Bormann, F., Sers, C., Seliger, B., Handke, D., Bergmann, T., Seibt, S., et al. (2011). Methylation-specific ligation detection reaction (msLDR): a new approach for multiplex evaluation of methylation patterns. Molecular Genetics and Genomics: MGG, 286(3-4), 279-91. Retrieved from http://www.ncbi.nlm.nih.gov/pubmed/21879293 http://www.springerlink.com/content/eq76180447161h22/fulltext.pdf.
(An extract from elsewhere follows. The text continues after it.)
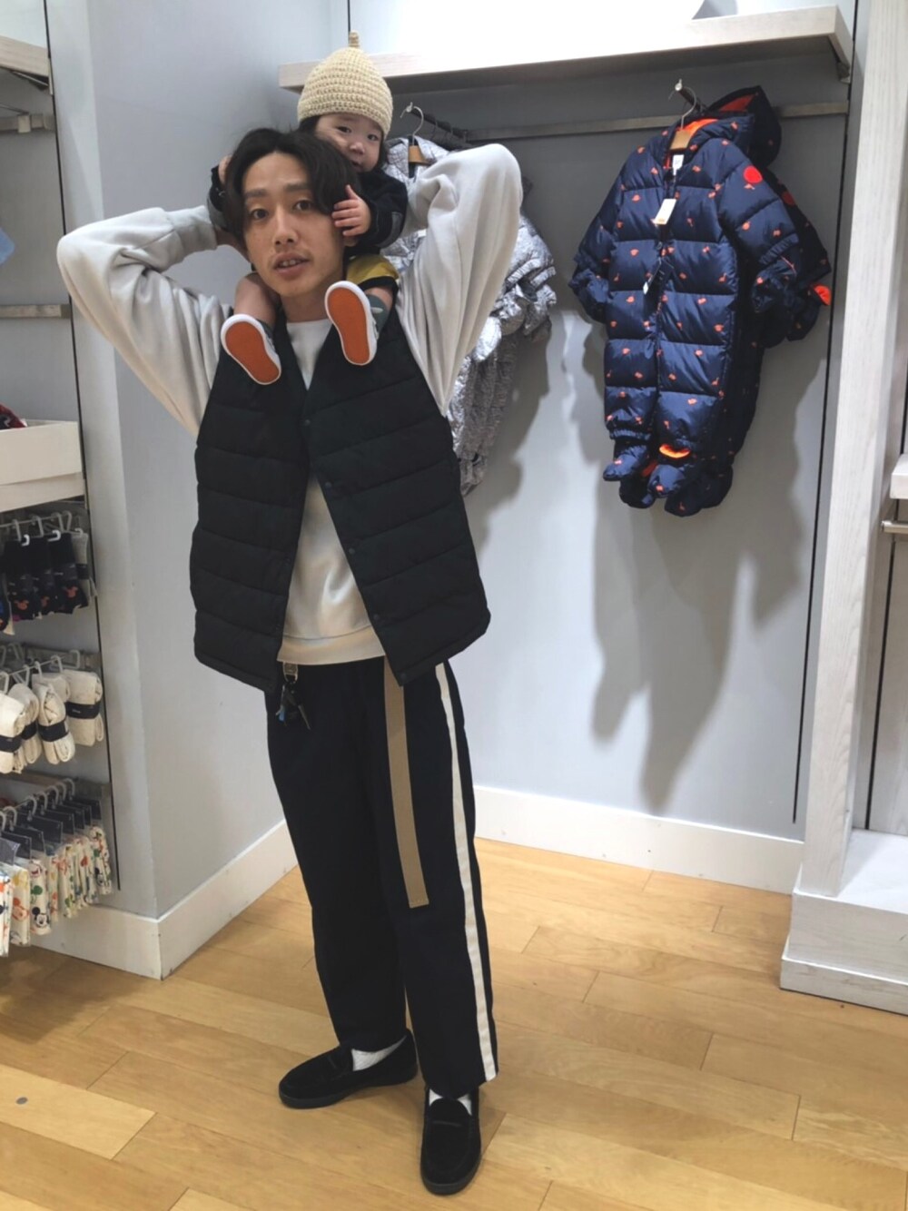 スウェットにダウンベストを合わせるのが 程よく気の抜けた感じがしていいんす 本当はボアのノーカラーベストが 欲しいんだけど、なかなか欲しいのに 巡り合わなくてすね。
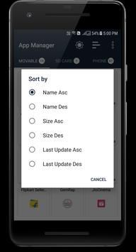 • Sorting Apps : App Manager provide sorting functionality to help users to sort and manage apps.

Cite as: https://hdl.handle.net/11858/00-001M-0000-0010-78C8-E

Abstract

A new sensitive method for multiplex gene-specific methylation analysis was developed using a ligation-based approach combined with a TaqMan-based detection and readout employing universal reporter probes. The approach, termed methylation-specific Ligation Detection Reaction (msLDR), was applied to test 16 loci in 8 different colorectal cancer cells in parallel. These loci encode immune regulatory genes involved in T-cell and natural killer cell activation, whose silencing is associated with the development or progression of colorectal cancer. Parallel analysis of HLA-A, HLA-B, STAT1, B2M, LMP2, LMP7, PA28alpha, TAP1, TAP2, TAPBP, ULBP2 and ULBP3 by msLDR in eight colorectal cancer cell lines showed preferential methylation at the HLA-B, ULBP2 and ULBB3 loci, but not at the other loci. MsLDR was found to represent a suitable and sensitive method for the detection of distinct methylation patterns as validated by conventional bisulphite Sanger sequencing and COBRA analysis. Since gene silencing by epigenetic mechanisms plays a central role during transformation of a normal differentiated somatic cell into a cancer cell, characterization of the gene methylation status in tumours is a major topic not only in basic research, but also in clinical diagnostics. Due to a very simple workflow, msLDR is likely to be applicable to clinical samples and thus comprises a potential diagnostic tool for clinical purposes.